El joven de blanco bajó lentamente su espada y dijo con calma: "Solo estaba bromeando".
El hombre de la camisa azul lo miró fijamente y luego sonrió de repente.
Este joven vestido de blanco, del color de las hojas de arce y la nieve, posee un porte amable y refinado que oculta un espíritu poderoso. ¡Sin duda merece ser considerado un líder entre la generación más joven!
Tomó la taza de té, ahora fría: "¡Por favor, mi bella, cántame una canción!"
Con un gesto casual de sus mangas azules, varias cortesanas que yacían en el suelo dejaron escapar suaves gemidos y abrieron lentamente los ojos.
El cielo sobre el mundo marcial está despejado - Primera parte: El cielo sobre el mundo marcial está despejado - Capítulo 3 (2)
Acaba de terminar su maquillaje de noche; se ha aplicado ligeramente un toque de sándalo y madera de agar. Deja entrever un sutil aroma a clavo y entona una melodía clara, entreabriendo brevemente sus labios color cereza. Sus mangas de seda están manchadas con un rastro de carmesí, y la copa, profunda, está impregnada de un fragante vino. Se recuesta sobre la cama bordada, encantadora e indefensa, masticando terciopelo rojo y riendo mientras se lo escupe a su amante.
Las cortesanas cantaban "Una medida de perlas" de Li Yu.
La barca pintada con motivos de "Flores de Cerezo" descendía lentamente por el río Liuhua, entre las melodiosas y bellas canciones que se cantaban con las castañuelas.
Tras caminar un rato, llegaron al embarcadero de Peach Blossom Ferry, donde poco a poco fueron apareciendo en el río barcos decorados con flores y pequeñas embarcaciones.
Las orillas estaban bordeadas de flores de durazno, una bruma rosada flotaba en el aire y una suave fragancia lo impregnaba.
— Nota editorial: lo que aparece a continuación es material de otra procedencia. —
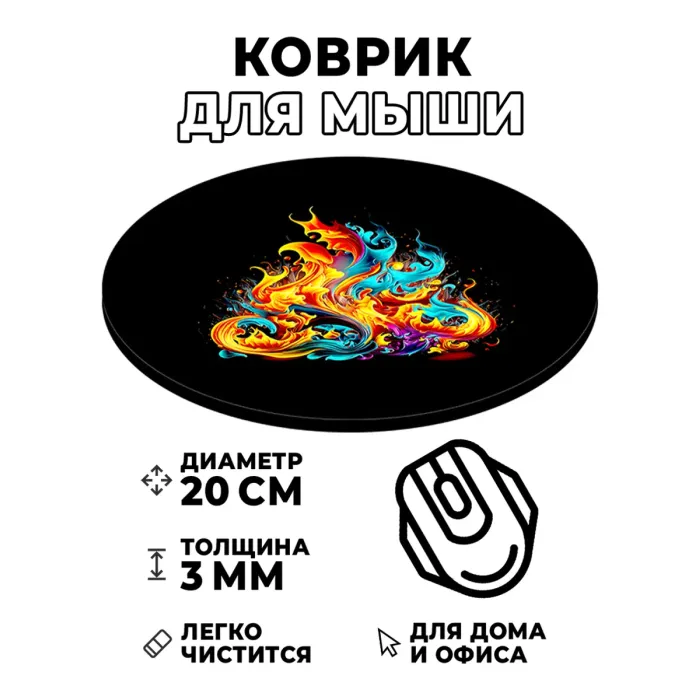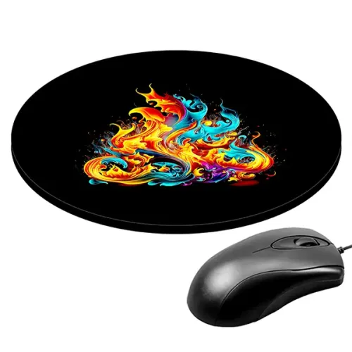 Коврик для компьютерной мыши круглой формы с изображением огня.
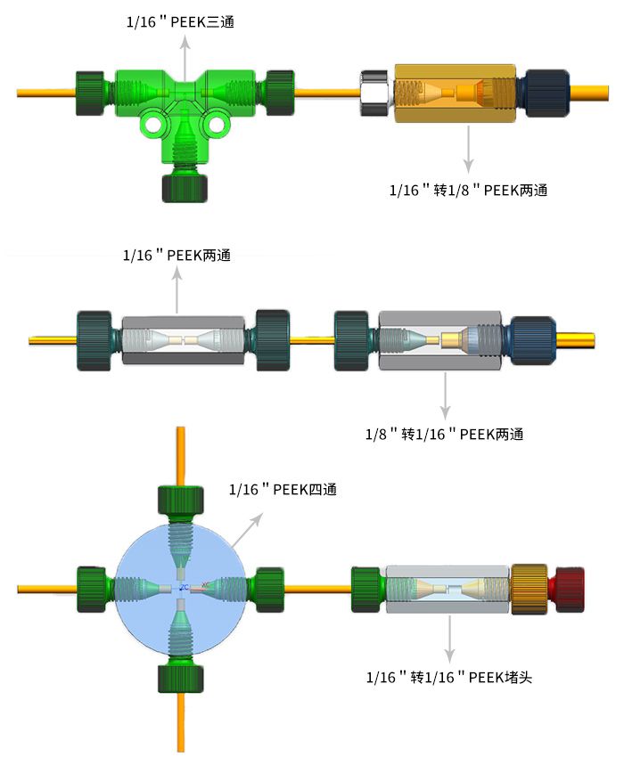 接头系列: PEEK 1/16“、1/8“、1/4“ 螺纹连接头,零死体积PEEK内/外螺纹连接两通;不锈钢1/16“、1/8“、1/4“ 螺纹连接头,不锈钢无死体积内/外螺纹连接两通; PEEK / 不锈钢压环。
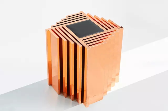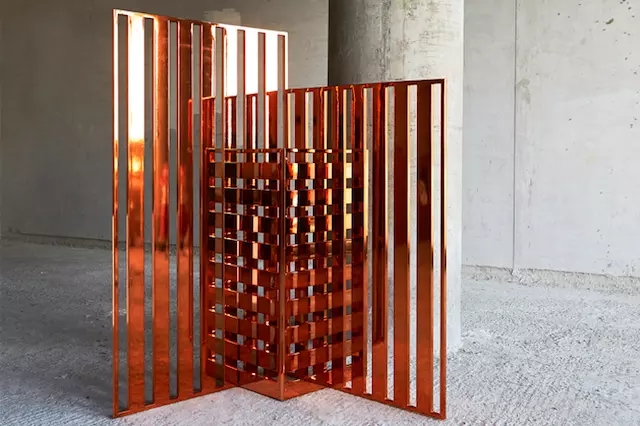 為了模仿這種外觀,“AIAreesh”系列包含的咖啡桌、凳子、屏風(fēng)和桌燈使用鋁合金、或者玻璃等有光澤的材質(zhì)以體現(xiàn)光影搖晃;條狀物明顯是對樹枝的結(jié)構(gòu)的模仿。

En medio de los dieciséis kilómetros de flores de durazno, los turistas pasean tranquilamente en grupos, caminan solos bajo sombrillas de bambú verde o entablan animadas conversaciones en parejas o tríos; bajo la bruma, las bellezas compiten con la lluvia roja por el encanto, y los eruditos compiten con Liu Lang por la elegancia, una escena verdaderamente de elegancia sin parangón.
El barco "Flor de Cerezo" estaba amarrado en la orilla. El hombre de la camisa azul hizo que le abrieran la ventana del barco de recreo, y él y Feng Xuese se sentaron dentro, bebiendo vino y admirando las flores a través de una fina cortina de gasa.
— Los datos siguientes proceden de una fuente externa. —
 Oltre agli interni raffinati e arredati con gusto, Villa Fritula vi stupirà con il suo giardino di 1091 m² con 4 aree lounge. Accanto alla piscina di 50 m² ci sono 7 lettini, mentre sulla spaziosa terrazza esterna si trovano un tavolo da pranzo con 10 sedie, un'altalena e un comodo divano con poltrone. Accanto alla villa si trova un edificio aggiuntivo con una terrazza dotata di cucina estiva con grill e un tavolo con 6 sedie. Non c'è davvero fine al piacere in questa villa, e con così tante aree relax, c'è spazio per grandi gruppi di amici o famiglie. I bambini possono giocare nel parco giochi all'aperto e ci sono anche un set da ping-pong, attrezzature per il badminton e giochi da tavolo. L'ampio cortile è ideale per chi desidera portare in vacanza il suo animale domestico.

“‘Un racimo de flores de durazno florece sin atención, hermosa tanto en rojo intenso como en rojo claro.’ Se han escrito innumerables poemas sobre las flores de durazno a lo largo de los siglos, pero creo que el verso de Du Fu es el más afectuoso.”
“Hermano Zhou, te equivocas. Du Zimei era, en efecto, profundamente afectuoso, pero cuando se trata de elogiar las flores de durazno, creo que el poema de Li Bai, ‘Las flores de durazno se alejan flotando en el agua, un mundo aparte del reino humano’, es una obra maestra.”
"No, no, creo que los versos del señor Mengde, 'La mitad del patio de cien acres está cubierta de musgo, los durazneros han desaparecido y las flores de colza están en flor. ¿Adónde se ha ido el taoísta que plantó los durazneros? Liu Lang ha vuelto, como antes', son muy sencillos en palabras pero extremadamente conmovedores en sentimiento..."
En la orilla, bajo un melocotonero en plena floración, tres eruditos pedantes estaban inmersos en un animado debate, y sus voces se oían cada vez más fuertes.
El hombre de azul sonrió con impotencia: "Esta gente habla con mucho entusiasmo, pero hacen bastante ruido".
Al oír esto, Feng Xuese no pudo evitar sonreír levemente y levantó su taza para invitar al hombre de azul a beber juntos.
Justo cuando estaba a punto de ordenar a alguien que dirigiera el bote para encontrar un lugar tranquilo, de repente oyó un gran alboroto en la orilla, y alguien gritó: "¡Quítense del camino! ¡Tengan cuidado de no salpicarse de sangre!"
Los dos miraron hacia el origen del caos y vieron a un grupo de personas extrañas e inusuales que se acercaban desde la distancia.